Tragédie lyrique in three acts by Niccolò Piccinni

Atys is a tragédie lyrique in three acts by Niccolò Piccinni with a French libretto by Jean-François Marmontel. Marmontel's libretto was based on Philippe Quinault's libretto for Jean-Baptiste Lully's 1676 opera of the same title. Quinault based his rendition on Ovid's Fasti. Marmontel adapted Quinault's libretto and modified it by removing the prologue and divertissements.
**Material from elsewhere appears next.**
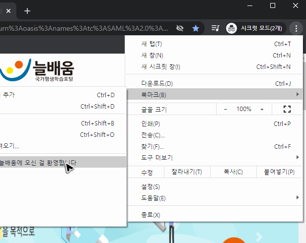 사용하는 브라우저 종류에 따라 북마크 목록을 불러오는 방법이 조금씩 다를 수 있는데, 일반적으로 별표 버튼을 한 번 더 클릭하면 목록이 나옵니다. 저처럼 크롬을 사용하신다면, 우측 상단 설정 메뉴를 누르거나 [Ctrl + Shift + B]를 눌러서 목록을 불러오고, 목록 중에 있는 늘배움을 클릭하면 빠르게 국가평생학습포털의 강좌가 있는 곳으로 이동할 수 있습니다.
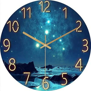 掛け時計 4mm超薄型 ガラスパネル おしゃれ インテリア 時計 壁掛け かけ時計 モダン 静音 連続秒針 星空 丸型 ウォールクロック デジタル 大数字 見やすい wall clock 12インチ living...

He also altered the plot; instead of using Ovid's metamorphic ending (which Quinault used), Atys commits suicide. Piccinni's opera was premiered by the Paris Opera at the second Salle du Palais-Royal on 22 February 1780. Musically the opera is admired for its fugal overture, the dream sequence in act 2, the long quartet at the dramatic climax, and the somber dirge with which it ends.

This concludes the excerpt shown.